Lately, Mega Ran has released an album titled RNDM where he strays away from being fully about video games. The album really shows off his talents as a rapper more than anything he’s ever put out. Right from the start it opens with a track called “Same As It Ever Was…,” which starts with an 8-bit beat but quickly transitions to a piano-based beat displaying the change that Mega Ran has gone through. He doesn’t necessarily want to be just that video game rapper anymore — he wants to be considered a serious artist and for good reason.
“Same As It Ever Was…” immediately shows those talents with Jarbo’s relaxed rap flow off a simple piano beat. “Infinite Lives,” the second track on the album, delivers some of the classic video game-stylized music we remember from Jarbo’s early work, but it’s a track flowing with the optimism about the power of music to leave a lasting impact on the world even after one is gone. “Introvert Bars” is a short track that even someone with the slightest introverted tendencies could relate to when he drops lines like:
“yay!
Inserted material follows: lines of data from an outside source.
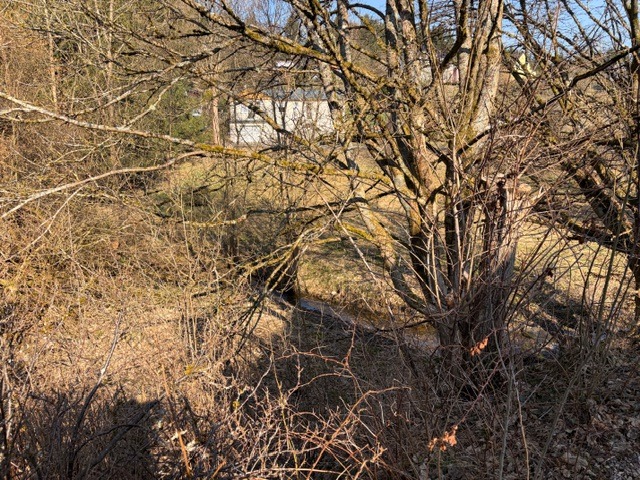 Das Grundstück unterteilt sich in Hausgrundstück (169 m²), das Hofgrundstück (2620 m²) und ein Grundstück mit dem Bungalow (2560 m²). Vor dem Haus zum Flüsschen hin ist ein weiteres Grundstück mit ca. 125 m², welches aber derzeit nicht gnutzt wird.
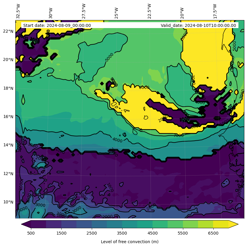 - Level of free convection (m)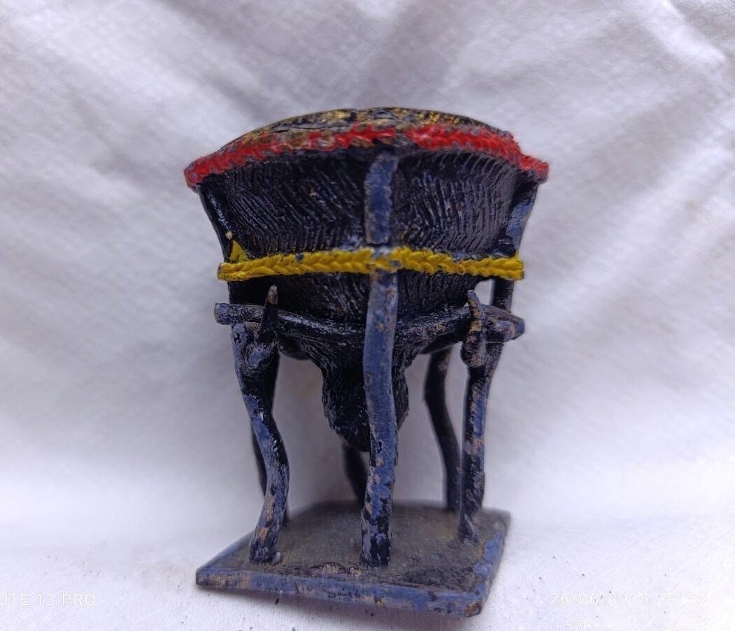 This solid bronze metal sculpture, used by a Mossi medicine man to blend medicinal herbs, depicts a stylized communal cauldron, a symbol of African wildlife and a powerful emblem of strength, vigilance, and kingship. It is handcrafted in Burkina Faso using the traditional lost-wax technique, widely used in West Africa.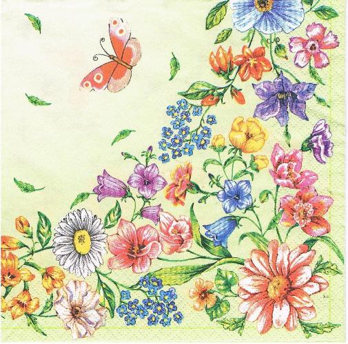 Serwetka decoupage 33x33 cm - kwiaty polne, motyle

Festivities…the captivity/they’ll tell a bunch of jokes, I’ll pretend to enjoy/and I’ll be stuck in conversations that’d tend to avoid/Sounds great, so I sigh and grab my coat…”
“Your Favorite Song” is a poppy, catchy track that will more than likely be stuck in your head, and truthfully, it’s pretty much one of the most “meta” rap songs you’ll ever hear. “The Meeting” shows off more of Jarbo’s amazing storytelling talents as he raps from two different perspectives: his old rap persona, Random, and his new one, Mega Ran. It’s complex, layered, and much more in-depth than most songs I’ve heard as of late.
Two of my favorite tracks on the album are “Altern8 Endings” and “Revisions.” The former shows off even more of that Jarbo relaxed delivery, the kind that he deserves to be known for. It also features Open Mike Eagle, who’s extremely talented and fits right in with Jarbo’s relaxed delivery. “Revisions,” on the other hand, delivers a harsh criticism to the realities of being a teacher and the American public education system. It provides a unique listening experience and for me, personally, it allows myself to question a lot as someone who is probably going to be a history teacher in the future (although, the goal is to be a professor).
The main reason I’m even writing this story is because I believe Mega Ran deserves greater exposure; not just within the gaming community, but also with lovers of rap music in general. If anything, I hope my story has convinced even a single reader to check out his music, whether you’re a fan of video games, rap music, or even both. He mashes these entities together in a heartfelt way that feels like more than a tribute — it’s stuff that comes from the heart. I’d be shocked if someone came out of listening to RNDM or Forever Famicom and didn’t at least feel a bit touched by some of the amazing lyrics on both albums.